In fact, a systematic review and meta-analysis of nine studies and over 636,000 adults found a relatively small or neutral overall association of butter with mortality, cardiovascular disease, and diabetes, and did not support a need for major emphasis on decreasing butter consumption (37).

The Bottom Line
In the debate of butter versus margarine, butter is the winner. Butter is a natural food made of cream and sometimes salt, while margarine is an ultra-processed food made of a mixture of plant oils, water, salt, emulsifiers, preservatives, flavors, and colors. While butter and margarine contain the same amount of calories and fat, butter contains more naturally occurring micronutrients, including vitamin K2, and more omega-3 fatty acids, butyrate, and CLA. Although butter contains saturated fat, it is not considered as dangerous as previously thought, and margarine contains more omega-6 fatty acids, which have been correlated with inflammation when consumed in excess.
Not everyone knows what the acronyms mean and it would be helpful if in your graphic you provide a table with what PUFA, TC and all that stands for. I spent more time looking up acronyms then reading your blog post. I’m sure I would have gotten more from it, had I not had to first try to understand what you were talking about.
Thanks for your feedback, Shelley. To clarify, PUFA stands for polyunsaturated fatty acids and TC stands for total cholesterol, both are noted in the table in the article. 🙂
Thank you for your comments about butter vs. margarine. It was a helpful article.
Another questions I have is about cooking oils to use in baking. Some recipes call for oil instead of butter. I have used olive oil in baking and thought it made the flavor unpleasant. But canola oil is not supposed to be healthy. So, I am in a quandary — melt butter or use an oil that is not recommended like canola. That would be another great article.
Thank you!
I’m happy you found it helpful, Debbie!
As for baking, it depends on the recipe as baking is a matter of chemistry. While not always, solid and liquid fats reacts differently in certain recipes.

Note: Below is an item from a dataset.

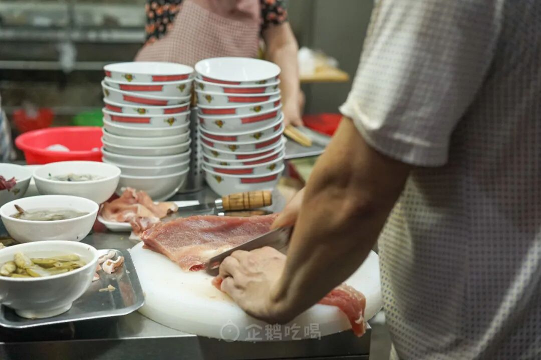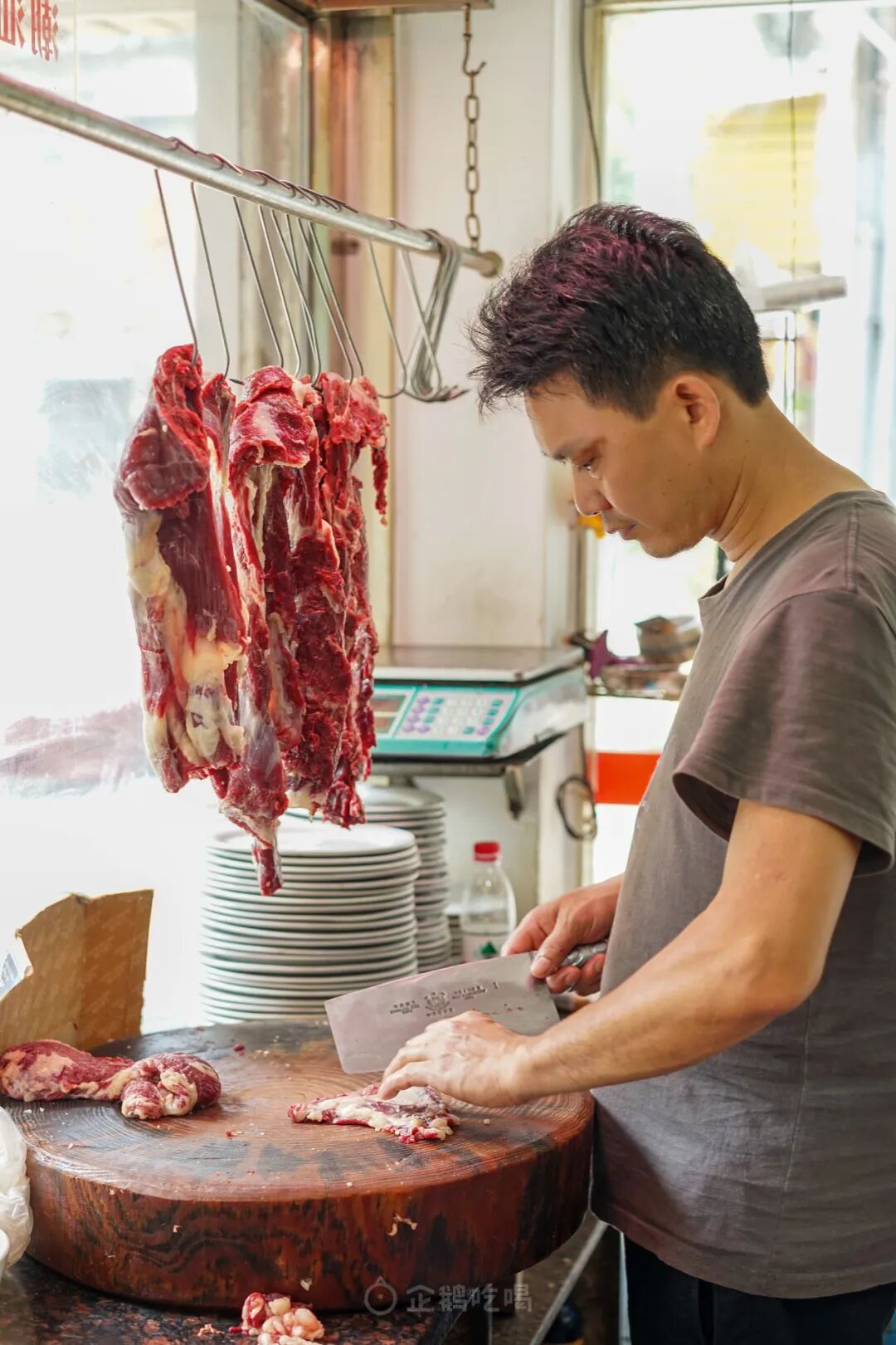 有多新鲜呢?猪杂来货就是对面的猪肉档,屠场送来还带着微温的猪只,新鲜滚烫分割出猪杂,几步路就能放上砧板,也算是farm from table吼。

I enjoyed this article a lot. My husband and I have eaten more and more healthfully as we age – he is 70+ and I’m 60+. I’ve always liked butter but fell for the health advice to eat margarine instead of butter back in the 90s. Now that studies have shown how truly dangerous our diet of highly processed foods are, we switched back to butter. We use it sparingly, and only when it really matters. For example, when baking and cooking, I utilize avocado or extra virgin olive oil or vegan butter, but for toast and occasional dinner rolls or when flavour really matters, we use butter, but sparingly. I’m happy to know we’re making a healthy choice. Thank you for the information and nutrition info. It was really helpful!
I’m so happy you found it informative, thanks for sharing, Cynthia!